# [What the task asks]
Reproduce exactly only the lines from the line that holds "- Dầu Giây |" to the line that holds "On April 30", inclusive, in the listing below, and please leave out every picture.

# [Dataset excerpts]
= Beginning of Section =

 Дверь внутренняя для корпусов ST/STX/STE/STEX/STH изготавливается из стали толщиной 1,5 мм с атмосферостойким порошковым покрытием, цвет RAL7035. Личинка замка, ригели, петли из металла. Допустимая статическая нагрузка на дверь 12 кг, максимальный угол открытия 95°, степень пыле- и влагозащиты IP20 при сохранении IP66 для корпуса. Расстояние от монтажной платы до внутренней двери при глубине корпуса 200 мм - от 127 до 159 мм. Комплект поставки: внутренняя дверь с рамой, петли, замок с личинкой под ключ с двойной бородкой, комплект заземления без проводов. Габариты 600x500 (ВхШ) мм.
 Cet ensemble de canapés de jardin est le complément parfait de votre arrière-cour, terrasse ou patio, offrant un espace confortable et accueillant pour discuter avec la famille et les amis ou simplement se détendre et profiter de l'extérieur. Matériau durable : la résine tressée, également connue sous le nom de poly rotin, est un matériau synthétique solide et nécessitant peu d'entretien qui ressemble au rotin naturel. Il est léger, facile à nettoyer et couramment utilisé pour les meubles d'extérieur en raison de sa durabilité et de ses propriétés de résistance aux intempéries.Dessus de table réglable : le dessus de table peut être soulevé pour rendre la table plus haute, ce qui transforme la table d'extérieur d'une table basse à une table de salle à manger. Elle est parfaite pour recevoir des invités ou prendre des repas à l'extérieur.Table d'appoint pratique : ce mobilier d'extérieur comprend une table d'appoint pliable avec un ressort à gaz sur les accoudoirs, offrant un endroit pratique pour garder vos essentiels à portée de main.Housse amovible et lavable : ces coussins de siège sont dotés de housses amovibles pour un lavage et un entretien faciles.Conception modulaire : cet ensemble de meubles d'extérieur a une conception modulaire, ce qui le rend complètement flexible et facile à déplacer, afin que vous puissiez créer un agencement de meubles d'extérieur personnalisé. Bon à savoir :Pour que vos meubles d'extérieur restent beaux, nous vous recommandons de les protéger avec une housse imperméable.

= End of Section =
= Beginning of Section =

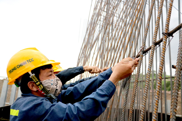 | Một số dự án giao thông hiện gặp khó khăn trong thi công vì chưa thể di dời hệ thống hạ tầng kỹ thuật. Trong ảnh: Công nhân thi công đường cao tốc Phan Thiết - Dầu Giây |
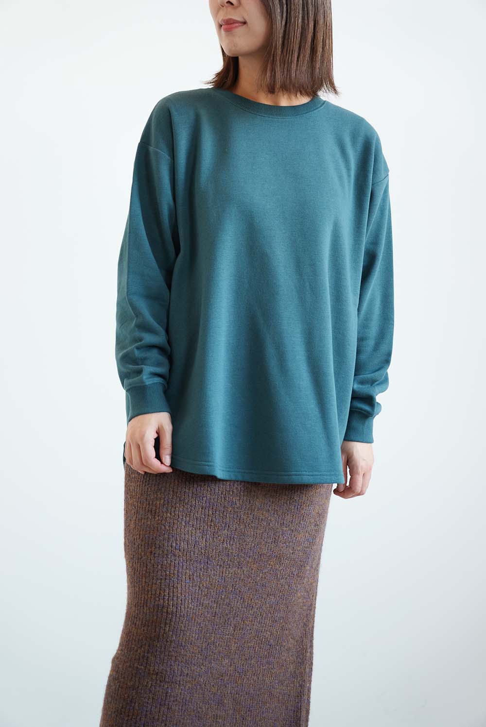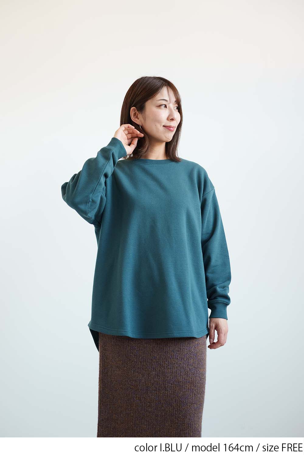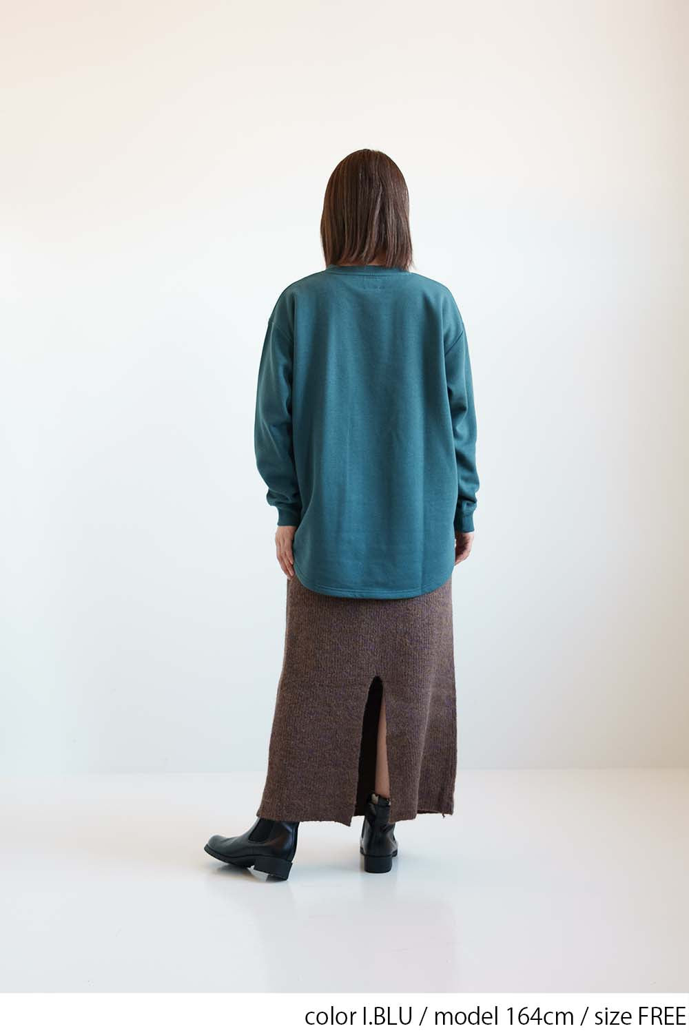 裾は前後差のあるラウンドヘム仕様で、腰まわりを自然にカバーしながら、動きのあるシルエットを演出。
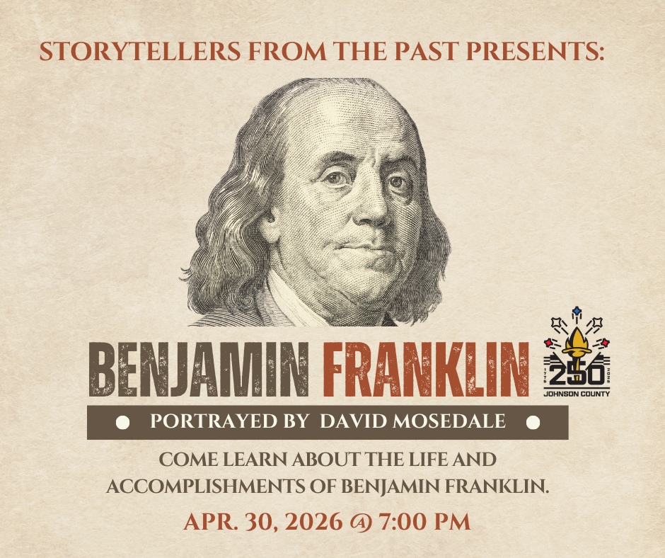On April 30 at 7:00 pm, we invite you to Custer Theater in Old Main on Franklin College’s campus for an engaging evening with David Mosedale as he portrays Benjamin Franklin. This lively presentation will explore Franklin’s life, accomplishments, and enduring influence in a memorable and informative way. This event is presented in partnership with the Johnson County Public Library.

= End of Section =
= Beginning of Section =

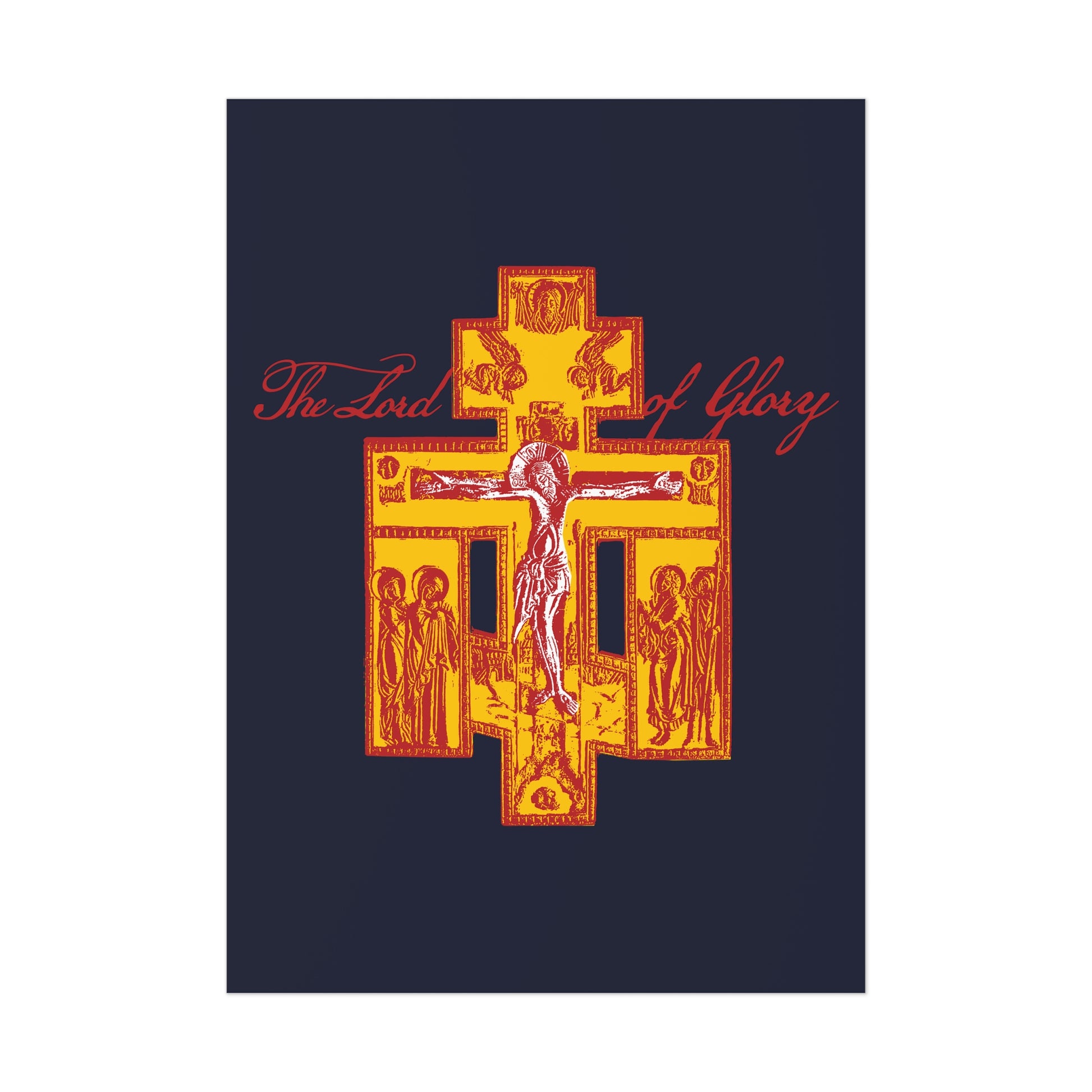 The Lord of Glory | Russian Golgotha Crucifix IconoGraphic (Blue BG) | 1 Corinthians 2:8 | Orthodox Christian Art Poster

= End of Section =

# [Finished task]
 | Một số dự án giao thông hiện gặp khó khăn trong thi công vì chưa thể di dời hệ thống hạ tầng kỹ thuật. Trong ảnh: Công nhân thi công đường cao tốc Phan Thiết - Dầu Giây |
 裾は前後差のあるラウンドヘム仕様で、腰まわりを自然にカバーしながら、動きのあるシルエットを演出。
On April 30 at 7:00 pm, we invite you to Custer Theater in Old Main on Franklin College’s campus for an engaging evening with David Mosedale as he portrays Benjamin Franklin. This lively presentation will explore Franklin’s life, accomplishments, and enduring influence in a memorable and informative way. This event is presented in partnership with the Johnson County Public Library.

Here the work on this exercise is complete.